Have you tried reverse dieting?


----------



## Alex.18 (Jul 3, 2018)

PillarofBalance said:


> Why doesn't that make sense to you? I mean I would do Monday Wednesday Friday just to avoid being a pin cushion to some degree. But do you mean you don't wanna run 3 drugs?
> 
> Also don't get the blend get it individually to titrate each dose.



No i was talking about jabbing myself 3x every day. Not my idea of fun. Might wait to add mast next time. I dont want to throw too much into this one. Im already adding a new drug in tren. I would like to see what it does by itself that way im not guessing if my results are from the tren or the mast. Plus ill have a better idea of what im looking at when i get my bloods back and know how to control the tren. Dont get me wrong i would love to add the mast and i do think it makes since to add it, but im going more for a marathon than a sprint with this shit. Might not be everyones same thought process and thats fine, but thats my thought process and im sticking to it

10-4 on the blend. Thats what i was thinking too...


----------



## gymrat827 (Jul 3, 2018)

PillarofBalance said:


> Add the mast you will love it but make sure you have plenty of pussy on hand.
> 
> Stop thinking about prolactin and don't take the caber.
> 
> ...




THIS, follow it to a t


----------



## Jin (Jul 3, 2018)

Alex.18 said:


> No i was talking about jabbing myself 3x every day. Not my idea of fun. Might wait to add mast next time. I dont want to throw too much into this one. Im already adding a new drug in tren. I would like to see what it does by itself that way im not guessing if my results are from the tren or the mast. Plus ill have a better idea of what im looking at when i get my bloods back and know how to control the tren. Dont get me wrong i would love to add the mast and i do think it makes since to add it, but im going more for a marathon than a sprint with this shit. Might not be everyones same thought process and thats fine, but thats my thought process and im sticking to it
> 
> 10-4 on the blend. Thats what i was thinking too...

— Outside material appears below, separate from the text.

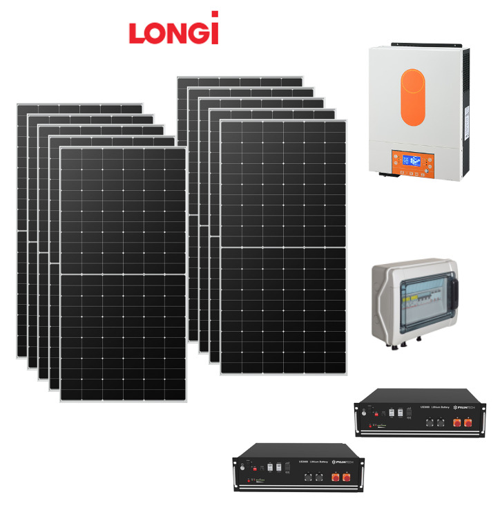 Kit Off grid autoconsumo 5,7Kwp Pannello Solare LONGI 575Wp Monocristallino Inverter 6Kwh regolatore 1 ingresso + Batteria litio 10Kwh

My exact thoughts before I ran tren and was recommended mast. I know once I run them together I'll probably never run tren alone again, but I've got lots of time to do that. Maybe

You're missing something obvious here: load all compounds into the same syringe then inject them all at once. That simple. Get some 18g to draw with.


----------



## Alex.18 (Jul 4, 2018)

Jin said:


> My exact thoughts before I ran tren and was recommended mast. I know once I run them together I'll probably never run tren alone again, but I've got lots of time to do that. Maybe
> 
> You're missing something obvious here: load all compounds into the same syringe then inject them all at once. That simple. Get some 18g to draw with.



I thought about that and my question since ive never done it, your shoulders can handle 2-3ml at a time? With every day pins, i would go up and down one side at a time then go to the other side. Left quad, left glute, left shoulder, right quad, right glute, right shoulder...


----------



## PillarofBalance (Jul 4, 2018)

Alex.18 said:


> I thought about that and my question since ive never done it, your shoulders can handle 2-3ml at a time? With every day pins, i would go up and down one side at a time then go to the other side. Left quad, left glute, left shoulder, right quad, right glute, right shoulder...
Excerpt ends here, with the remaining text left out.